Two lines in the data below mark the range: the one with "Le Parkour est" and the one with "Jan Zoetelief Tromp". Return both, along with every line between them, exactly.

### Information:
+===+
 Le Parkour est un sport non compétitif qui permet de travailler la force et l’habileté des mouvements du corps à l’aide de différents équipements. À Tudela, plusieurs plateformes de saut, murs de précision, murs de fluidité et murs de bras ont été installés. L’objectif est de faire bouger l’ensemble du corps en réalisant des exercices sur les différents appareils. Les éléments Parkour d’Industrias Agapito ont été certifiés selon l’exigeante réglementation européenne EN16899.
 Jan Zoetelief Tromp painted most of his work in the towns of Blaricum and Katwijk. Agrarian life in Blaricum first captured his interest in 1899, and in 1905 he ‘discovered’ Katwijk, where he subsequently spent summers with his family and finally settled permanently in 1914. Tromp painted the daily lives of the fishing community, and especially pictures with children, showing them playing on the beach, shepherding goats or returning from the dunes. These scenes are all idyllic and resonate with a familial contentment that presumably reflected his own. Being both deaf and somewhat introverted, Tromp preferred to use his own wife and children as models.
+===+
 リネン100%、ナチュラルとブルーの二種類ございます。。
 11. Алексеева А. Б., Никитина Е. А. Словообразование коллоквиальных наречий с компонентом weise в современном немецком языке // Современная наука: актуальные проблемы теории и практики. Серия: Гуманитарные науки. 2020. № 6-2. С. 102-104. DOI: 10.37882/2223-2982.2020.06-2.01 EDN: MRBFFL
+===+
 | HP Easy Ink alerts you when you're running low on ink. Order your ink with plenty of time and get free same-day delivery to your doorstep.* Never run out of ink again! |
+===+
### Exercise result:
 Le Parkour est un sport non compétitif qui permet de travailler la force et l’habileté des mouvements du corps à l’aide de différents équipements. À Tudela, plusieurs plateformes de saut, murs de précision, murs de fluidité et murs de bras ont été installés. L’objectif est de faire bouger l’ensemble du corps en réalisant des exercices sur les différents appareils. Les éléments Parkour d’Industrias Agapito ont été certifiés selon l’exigeante réglementation européenne EN16899.
 Jan Zoetelief Tromp painted most of his work in the towns of Blaricum and Katwijk. Agrarian life in Blaricum first captured his interest in 1899, and in 1905 he ‘discovered’ Katwijk, where he subsequently spent summers with his family and finally settled permanently in 1914. Tromp painted the daily lives of the fishing community, and especially pictures with children, showing them playing on the beach, shepherding goats or returning from the dunes. These scenes are all idyllic and resonate with a familial contentment that presumably reflected his own. Being both deaf and somewhat introverted, Tromp preferred to use his own wife and children as models.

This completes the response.